Task
Without copying any picture, transcribe exactly the lines of the data below from the one containing "2019年9月12日,津巴布" through the one containing "n8n listens to".
• • •
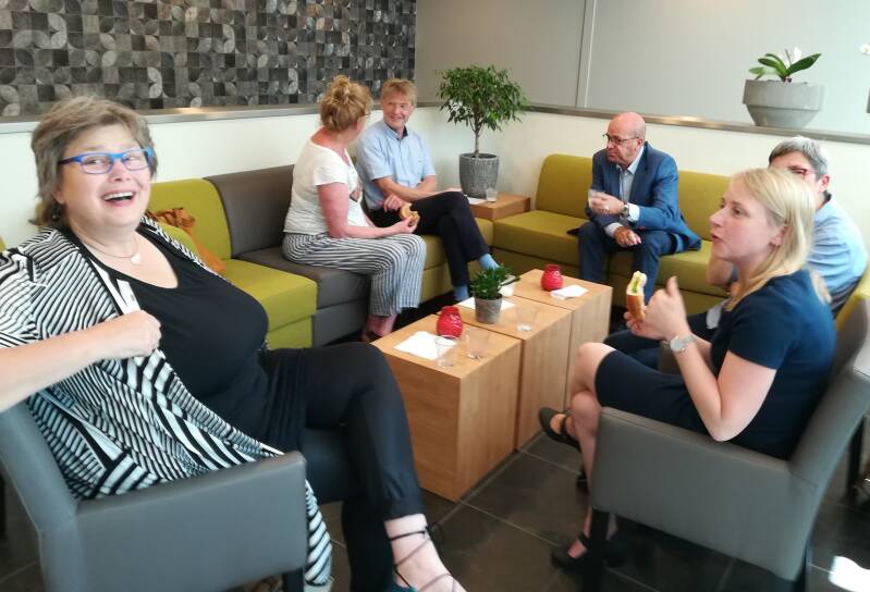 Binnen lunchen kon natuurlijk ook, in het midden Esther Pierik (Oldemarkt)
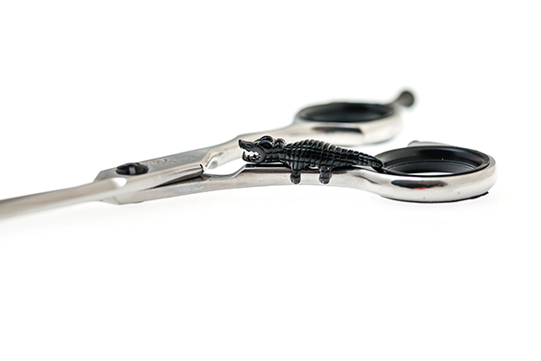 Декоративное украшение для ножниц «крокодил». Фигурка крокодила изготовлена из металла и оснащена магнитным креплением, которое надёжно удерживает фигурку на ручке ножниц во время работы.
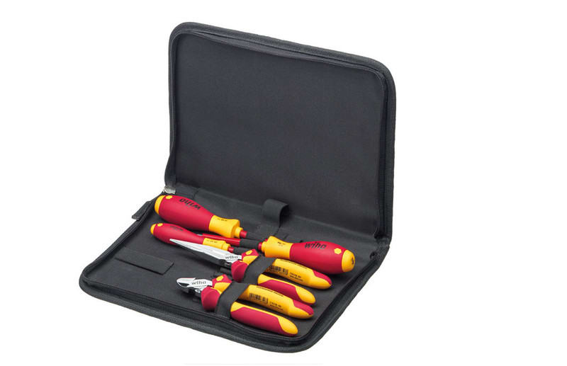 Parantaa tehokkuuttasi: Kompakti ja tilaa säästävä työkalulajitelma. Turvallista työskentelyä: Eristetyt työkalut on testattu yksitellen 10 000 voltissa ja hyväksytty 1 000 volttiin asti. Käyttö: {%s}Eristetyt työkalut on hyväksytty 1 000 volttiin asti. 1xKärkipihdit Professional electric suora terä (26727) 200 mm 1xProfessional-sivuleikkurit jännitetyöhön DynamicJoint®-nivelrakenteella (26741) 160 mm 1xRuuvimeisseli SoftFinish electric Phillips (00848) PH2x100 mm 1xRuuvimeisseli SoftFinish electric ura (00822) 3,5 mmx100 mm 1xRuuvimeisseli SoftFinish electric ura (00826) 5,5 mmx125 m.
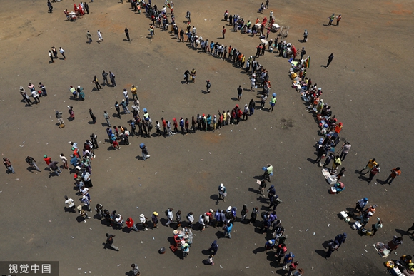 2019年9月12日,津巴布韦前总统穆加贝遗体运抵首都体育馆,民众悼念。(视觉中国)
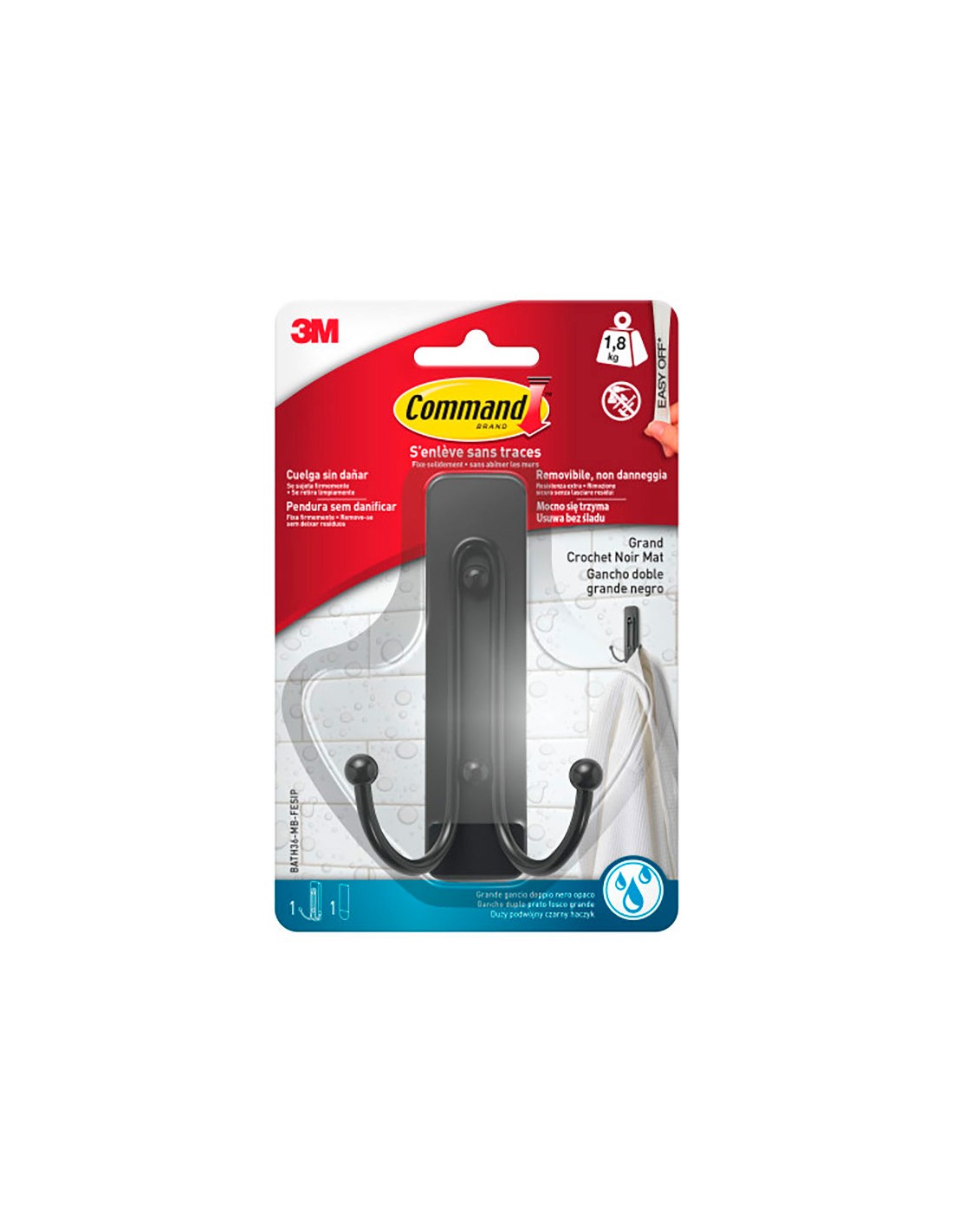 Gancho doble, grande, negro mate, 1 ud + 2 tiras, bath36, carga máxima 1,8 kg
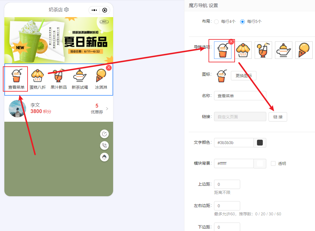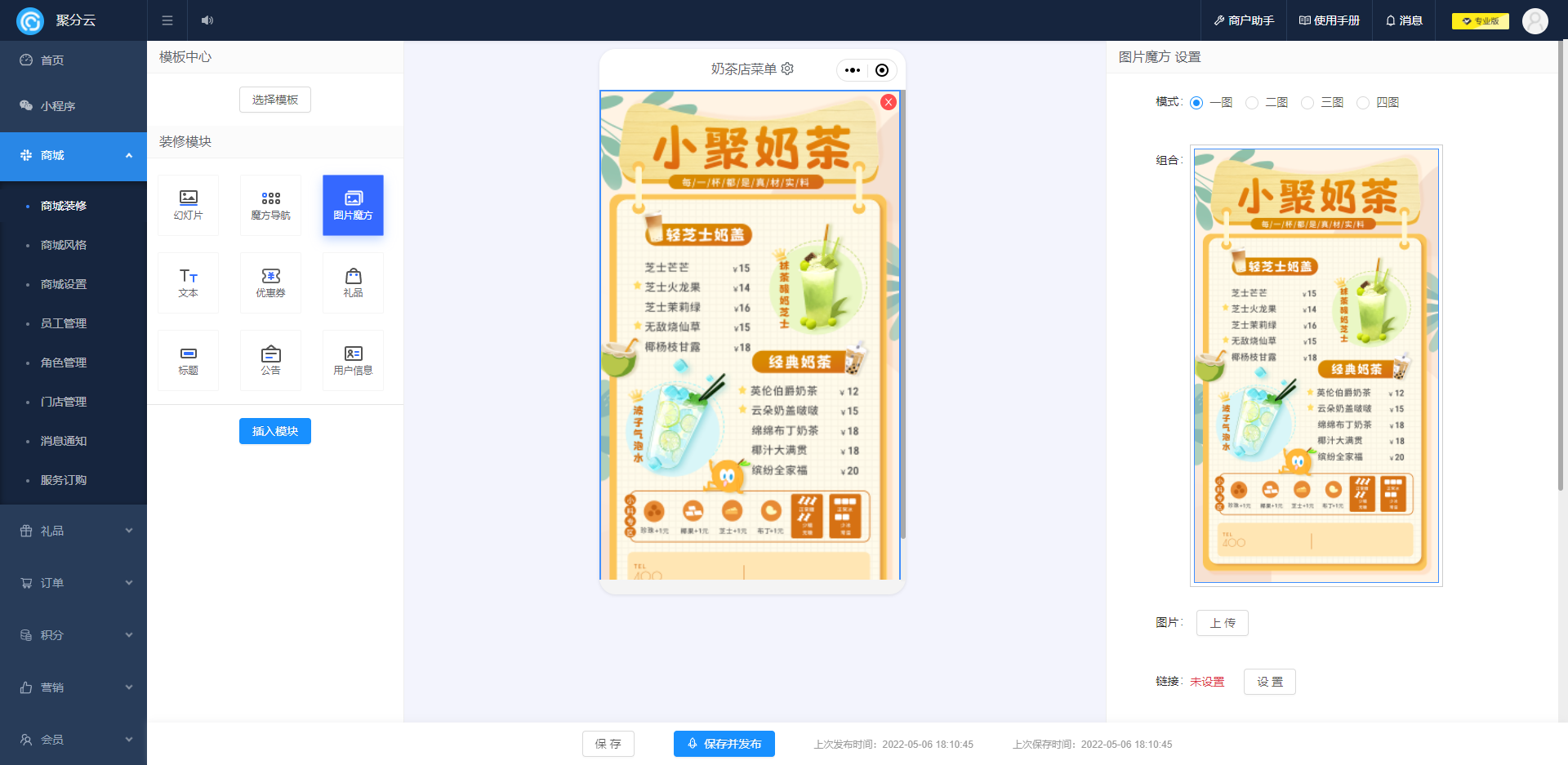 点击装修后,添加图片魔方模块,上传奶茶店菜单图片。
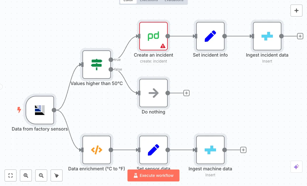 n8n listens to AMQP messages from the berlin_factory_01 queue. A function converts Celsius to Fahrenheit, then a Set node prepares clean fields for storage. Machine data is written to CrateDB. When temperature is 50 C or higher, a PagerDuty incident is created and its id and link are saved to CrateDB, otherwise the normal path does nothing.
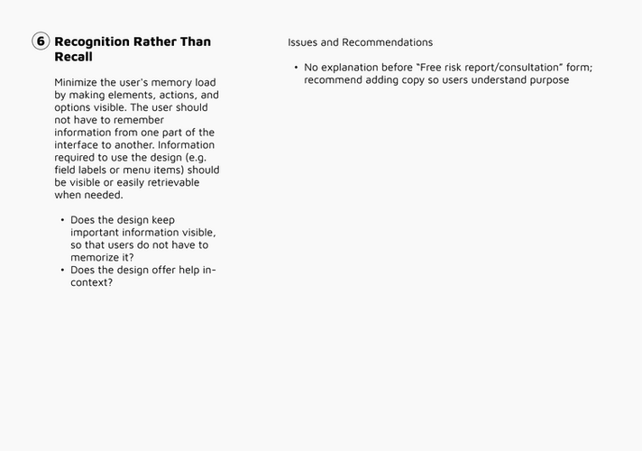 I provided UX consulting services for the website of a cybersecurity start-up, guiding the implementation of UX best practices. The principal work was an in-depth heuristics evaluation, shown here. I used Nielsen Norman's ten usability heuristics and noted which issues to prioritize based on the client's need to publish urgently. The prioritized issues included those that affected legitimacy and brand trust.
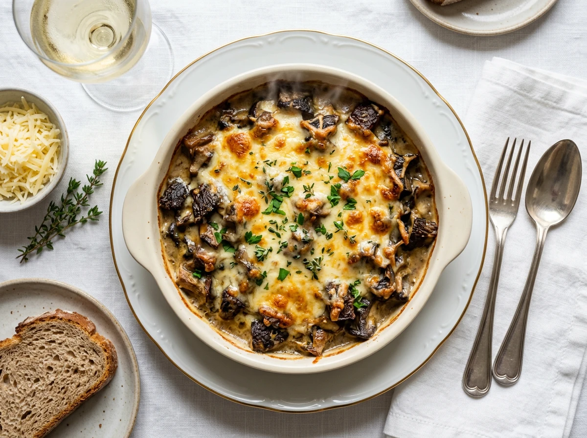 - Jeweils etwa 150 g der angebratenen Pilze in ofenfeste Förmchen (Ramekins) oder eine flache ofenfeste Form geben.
• • •
Answer below
 2019年9月12日,津巴布韦前总统穆加贝遗体运抵首都体育馆,民众悼念。(视觉中国)
 Gancho doble, grande, negro mate, 1 ud + 2 tiras, bath36, carga máxima 1,8 kg
 点击装修后,添加图片魔方模块,上传奶茶店菜单图片。
 n8n listens to AMQP messages from the berlin_factory_01 queue. A function converts Celsius to Fahrenheit, then a Set node prepares clean fields for storage. Machine data is written to CrateDB. When temperature is 50 C or higher, a PagerDuty incident is created and its id and link are saved to CrateDB, otherwise the normal path does nothing.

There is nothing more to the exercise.